** Task brief **
Your job is to print, exactly, the lines in the data below from the line with "imunitate de fier." through the line with "- تفاصيل عناية", both included, and to omit any picture.

** Given records **

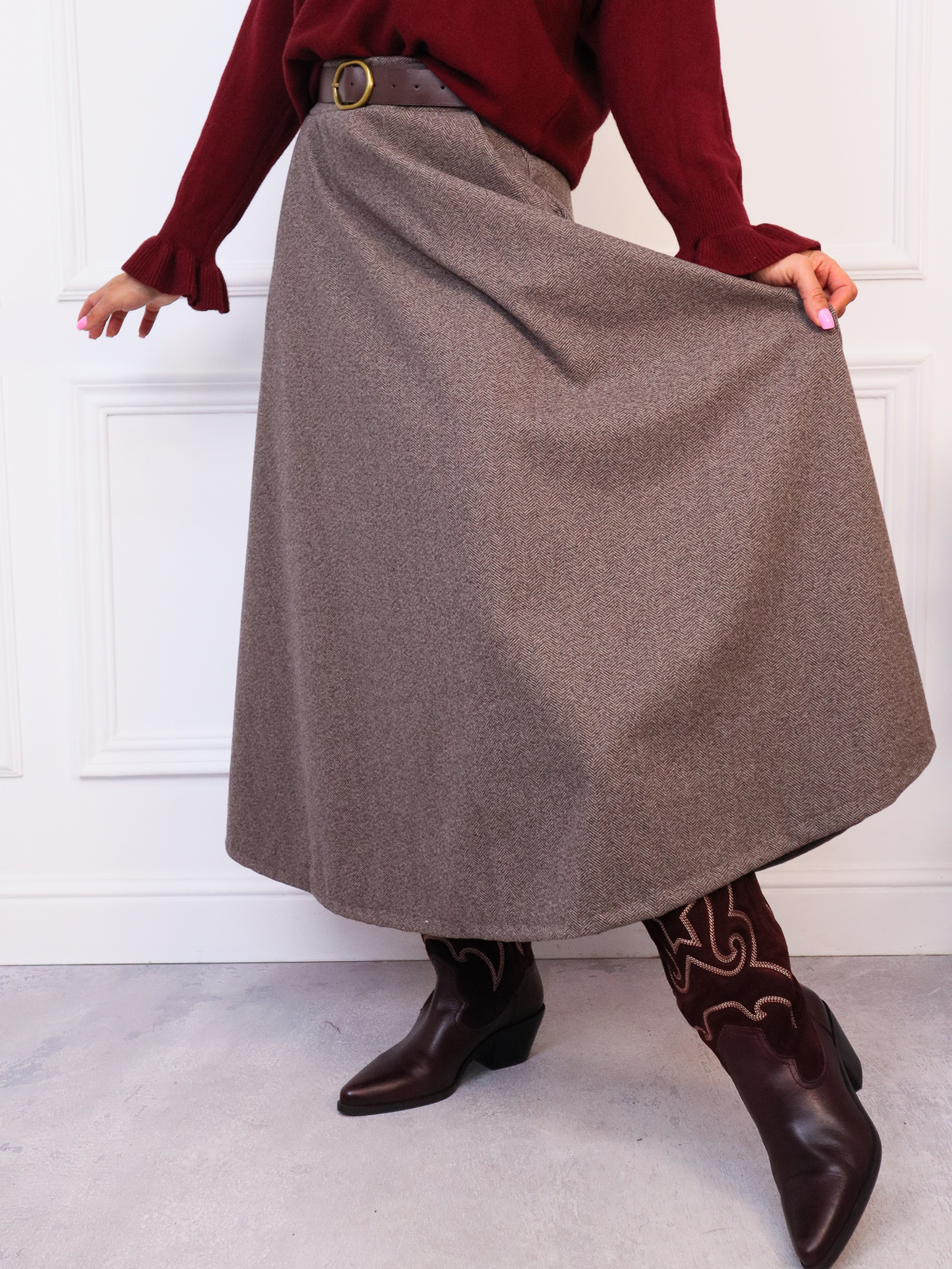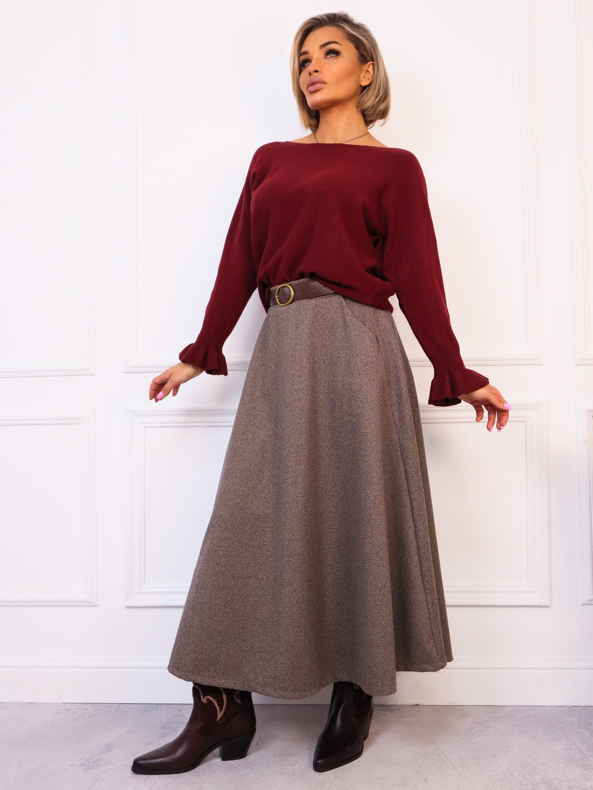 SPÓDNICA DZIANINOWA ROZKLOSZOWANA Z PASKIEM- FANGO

--

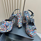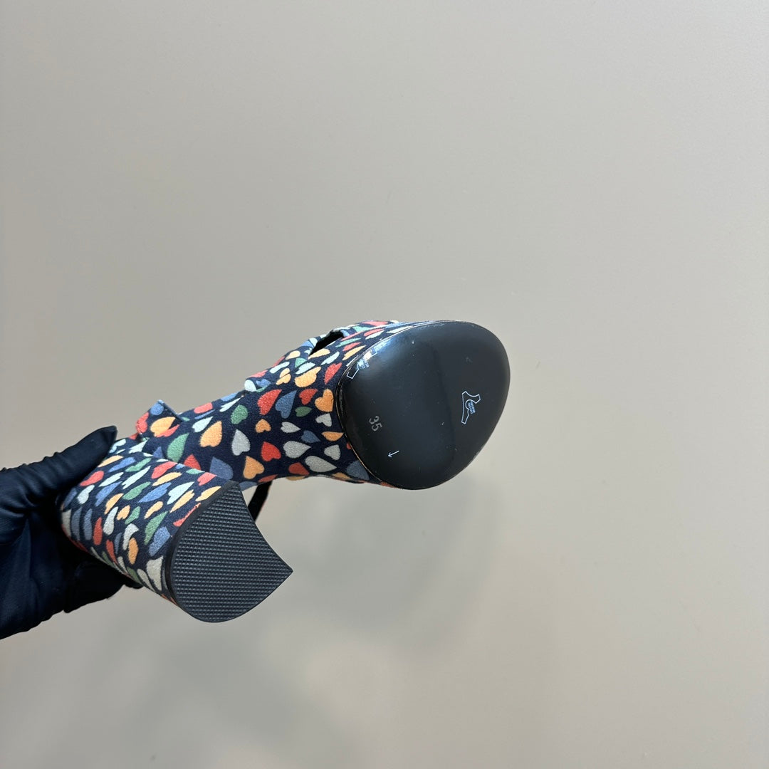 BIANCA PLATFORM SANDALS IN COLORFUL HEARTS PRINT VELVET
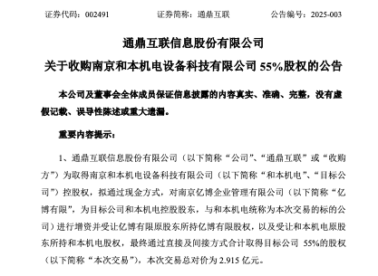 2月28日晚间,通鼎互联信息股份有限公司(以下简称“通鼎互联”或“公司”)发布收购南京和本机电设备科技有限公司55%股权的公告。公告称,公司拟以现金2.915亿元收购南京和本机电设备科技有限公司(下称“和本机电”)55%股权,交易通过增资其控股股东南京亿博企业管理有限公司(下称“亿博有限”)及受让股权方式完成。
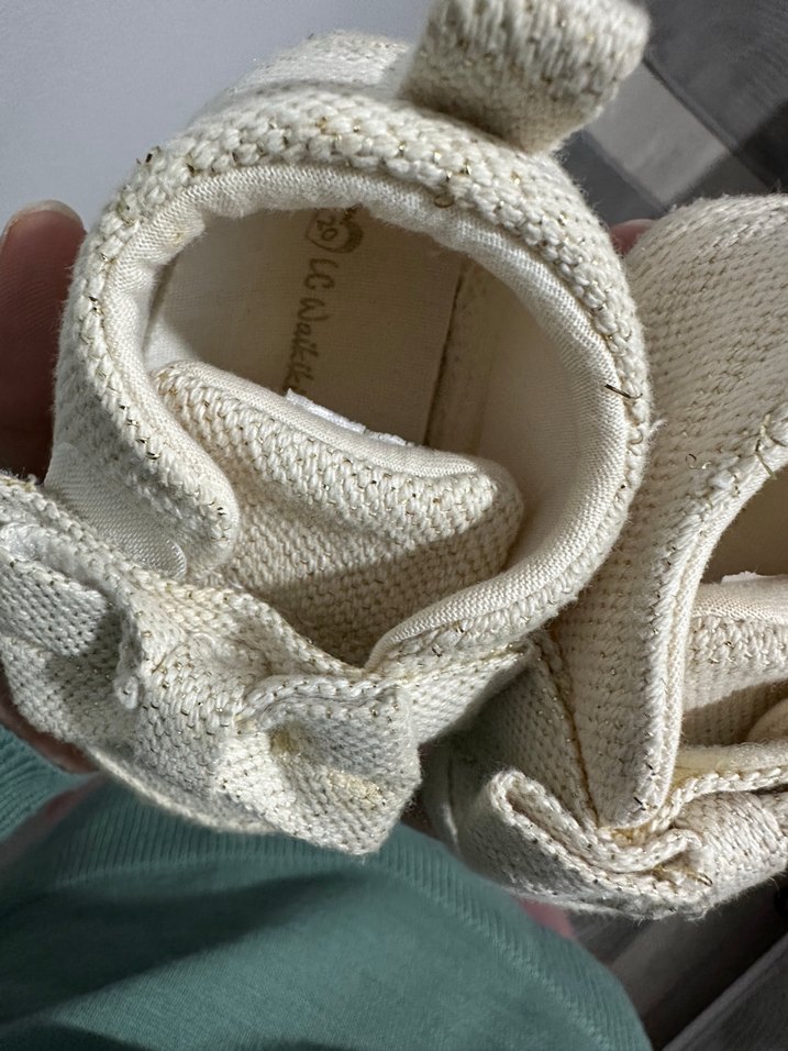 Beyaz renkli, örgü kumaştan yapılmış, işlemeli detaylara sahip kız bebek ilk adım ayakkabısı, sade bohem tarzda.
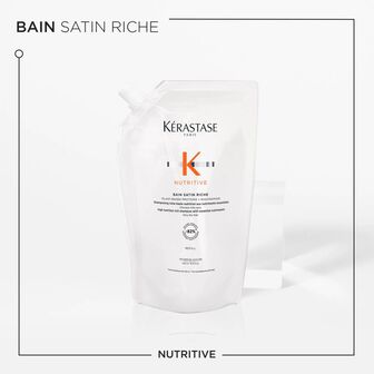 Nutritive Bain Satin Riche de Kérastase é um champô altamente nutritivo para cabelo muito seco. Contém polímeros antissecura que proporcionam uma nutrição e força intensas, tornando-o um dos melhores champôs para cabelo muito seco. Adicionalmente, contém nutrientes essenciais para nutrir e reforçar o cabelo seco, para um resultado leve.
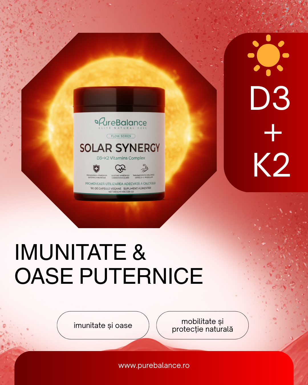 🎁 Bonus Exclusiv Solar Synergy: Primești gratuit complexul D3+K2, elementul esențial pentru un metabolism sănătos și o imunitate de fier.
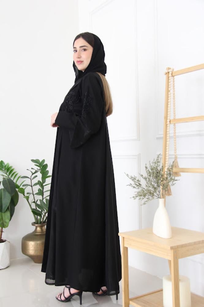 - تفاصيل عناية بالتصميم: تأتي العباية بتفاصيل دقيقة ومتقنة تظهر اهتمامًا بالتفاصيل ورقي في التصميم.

--

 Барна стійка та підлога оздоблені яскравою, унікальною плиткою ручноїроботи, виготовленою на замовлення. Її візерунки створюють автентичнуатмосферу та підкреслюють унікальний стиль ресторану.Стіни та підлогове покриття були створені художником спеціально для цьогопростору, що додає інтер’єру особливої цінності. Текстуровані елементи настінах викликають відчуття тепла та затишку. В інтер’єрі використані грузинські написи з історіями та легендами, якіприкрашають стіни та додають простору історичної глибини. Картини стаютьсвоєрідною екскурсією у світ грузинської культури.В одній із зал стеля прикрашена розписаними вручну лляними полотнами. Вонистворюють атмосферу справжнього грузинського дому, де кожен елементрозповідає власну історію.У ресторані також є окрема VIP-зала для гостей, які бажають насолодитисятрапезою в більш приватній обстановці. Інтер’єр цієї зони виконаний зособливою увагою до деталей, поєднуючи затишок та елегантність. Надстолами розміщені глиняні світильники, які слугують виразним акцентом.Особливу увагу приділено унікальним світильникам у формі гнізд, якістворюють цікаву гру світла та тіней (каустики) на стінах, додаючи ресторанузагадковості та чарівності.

** Exercise solution **
 🎁 Bonus Exclusiv Solar Synergy: Primești gratuit complexul D3+K2, elementul esențial pentru un metabolism sănătos și o imunitate de fier.
 - تفاصيل عناية بالتصميم: تأتي العباية بتفاصيل دقيقة ومتقنة تظهر اهتمامًا بالتفاصيل ورقي في التصميم.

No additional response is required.